Sunday, April 17, 2011

Cloud 9

Sharing a building with an urban karate dojo, a small, quaint shop has set up, since last year. The front is all glass, with a high grey McDonalds-style countertop braced to the window panes. The seats assigned to this countertop, so high my legs dangle a foot off the ground, are four in number, backless, white and chrome. Walking in, though, you first notice a sign saying “Start here” in sloping, curving letters. The poster is blue. The second thing you notice is that the shop is nestled in a giant, blue-tiled U-shaped wall that funnels everyone through its bow.

Upon inspection of the dispensers on the wall just past the sign, and the small mountain of large, bowlish cups, I felt for a second that this shop had stolen the Golden Corral’s yogurt machines. Upon pouring some of the chocolate yogurt, just one of ten or twelve flavors there, I notice a consistency in the yogurt that told of greater quality than the yogurt I used to want to go to Ryan’s solely to eat. After dumping half of the condiments available into the cup after the yogurt, paying for the yogurt, and having it skewered by a spoon, I notice the other half of the available delicacies. Cupcakes with the largest tops I have ever seen dotted the landscape behind a glass pane. The server, who, according to the receipt, was named Michael, told me about the cupcakes. He was loading twenty of them into a holder, “for the people who’re fixing my car. This is just a little thank-you”, he said. Touched by this, I went to sit down at the aforementioned counter-top.

Before I sat down, I noticed the lights. They hung from the ceiling, all white, layered like a tight Sydney Opera House, or one of those pink wildflowers, except white as anything. If ever I wanted to shoplift, I had the most incredible urge to. Those lights are maybe the most amazing thing I’ve ever seen.

As I ate, I noticed the bear I had left there, for donations to a cancer society. The bear was purchased at the Super Target just five hundred feet from the shop, the animal crackers inside eaten, the container washed out,  a hole cut in the top, and a sign asking for change taped to both sides. This bear was slowly being filled, and last I’ve seen of it, it’s eaten maybe a modest sum of kindness. I spoke to the bear and, as I ate the yogurt, he and I had had a very nice conversation. He had spent most of the day being watched by nearly everyone who frequented the place, weighing down several issues of Snap! Roswell, a couple of flyers, and, of course, the kindness inside. The bear and I moved onto other topics, and as I finished my yogurt, I asked if I could get m good friend, the bear, anything to eat. In polite response, he told me he helped me quite enough. What a bear.

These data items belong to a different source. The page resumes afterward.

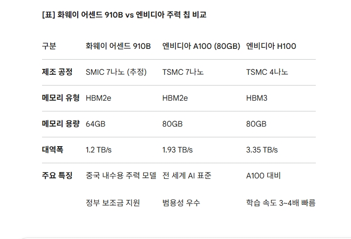 중국 정부가 빗장을 건 자신감의 배경에는 화웨이의 AI 가속기 '어센드(Ascend) 910B'가 있다. 업계 분석을 종합하면, 어센드 910B의 연산 성능(FP16 기준)은 엔비디아의 이전 주력 모델인 'A100'의 80~90% 수준까지 올라왔다. 텍스트 기반의 일반적인 AI 추론 작업에는 무리가 없다는 게 베이징의 계산이다.
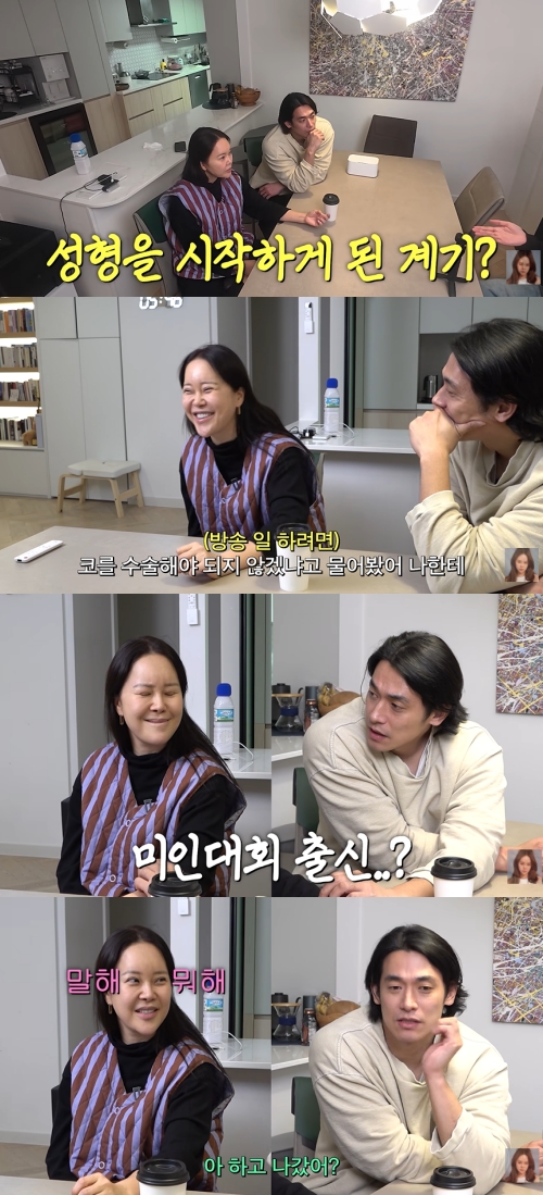 남편 정석원은 "진짜 궁금한 게 있다. 자기 무슨 '미스춘향' 이런 대회 나갔는데 그때 성형 안 하고 나갔냐? 3등 했던 그 대회"라고 물었다. 백지영은 "성형했다. 그리고 춘향 아니다. 나 미스춘향 나간 적 없다"고 답했다.
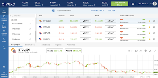 Notons tout de même que Alvexo donne accès à un compte démo pour tous les traders, quel que soit leur niveau. Le compte démo vous crédite virtuellement 50 000 euros avec lequel vous pouvez vous entraîner et tester la plateforme de trading avant de vous engager financièrement. Il sera toujours possible de changer de compte vers un compte réel lorsque vous vous sentirez suffisamment prêt.
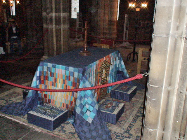The Tomb stands in a space formed by four columns directly below the site of the altar above and is designed to carry its weight. The colourful, embroidered cloth and six kneelers, were made and given by Embroiders’ Guild (West of Scotland Branch) and were dedicated on 12th April, 1973 in the presence of HRH the Princess Margaret.
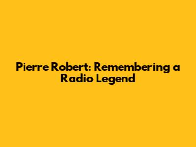 Pierre Robert: Remembering A Radio Legend
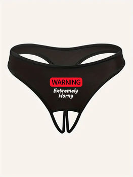 Varsbaby Crotch Opening Sexy Thong with Letter Prints Underwear for Women Erotic Crotchless Panties Female Intimates Lingerie
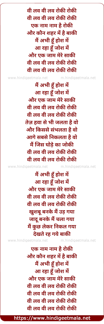 Poetic Translation - Lyrics of We Love We Love Rocky - वी लव वी लव रोकी
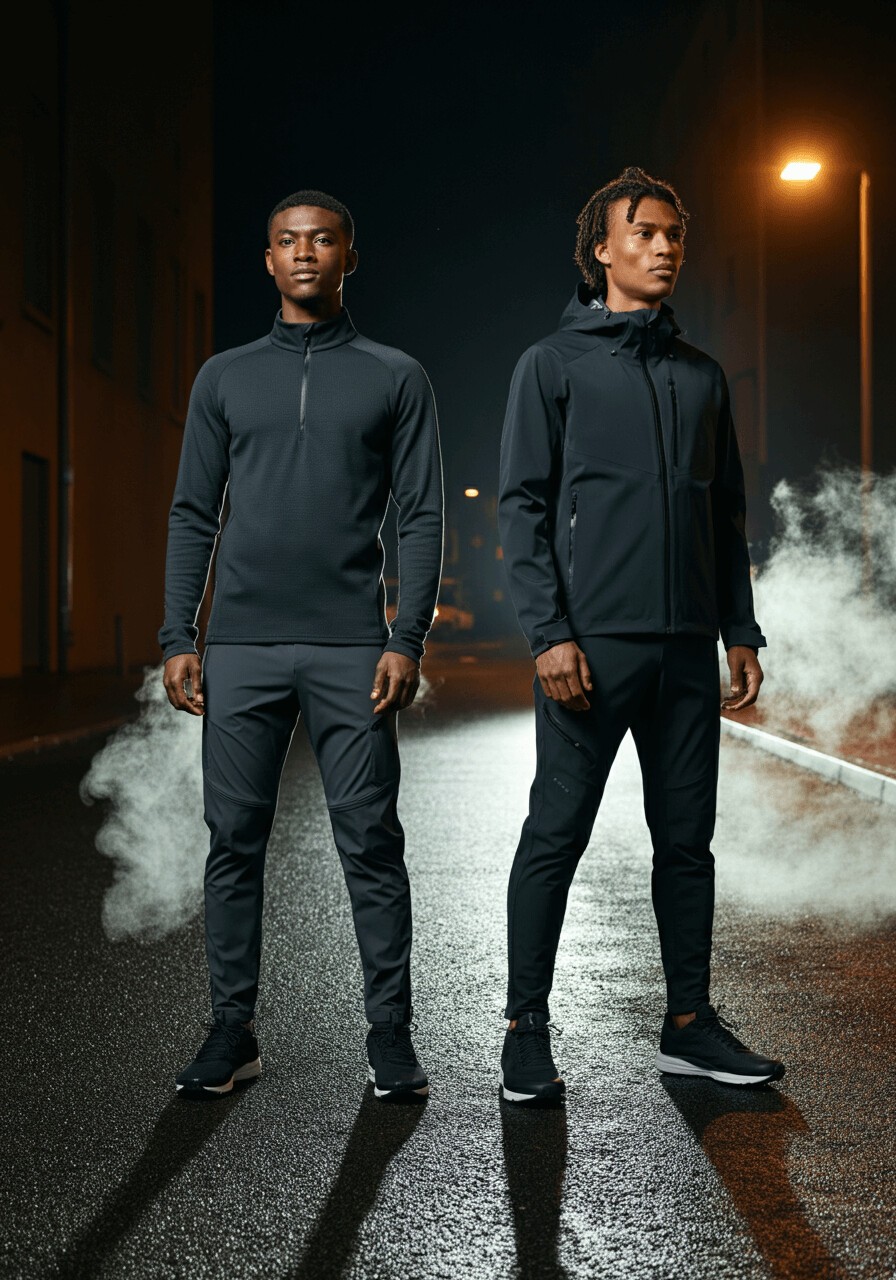Advanced stretch properties and water-resistant materials create garments that perform in any environment. Clean lines meet real-world function.

I bid Michael adieu, leaving the shop in a great mood. As I went to my car, I turned to look at the name of the shop: Cloud 9. A vernacular used to relate moments of great elation joy, and peace. When you’ve reached the highpoint of your life, when you’ve just gotten married after winning the lottery, when you sink a hole in one for all eighteen rounds. When you get an A in every final, and get that scholarship that nobody ever gets. Then, you’re on Cloud 9. Purchasing a cup of yogurt and only paying six dollars gives you much the same elation, apparently.

Then I realized I forgot to get my punch card punched for that purchase. You owe me a punch, Mike.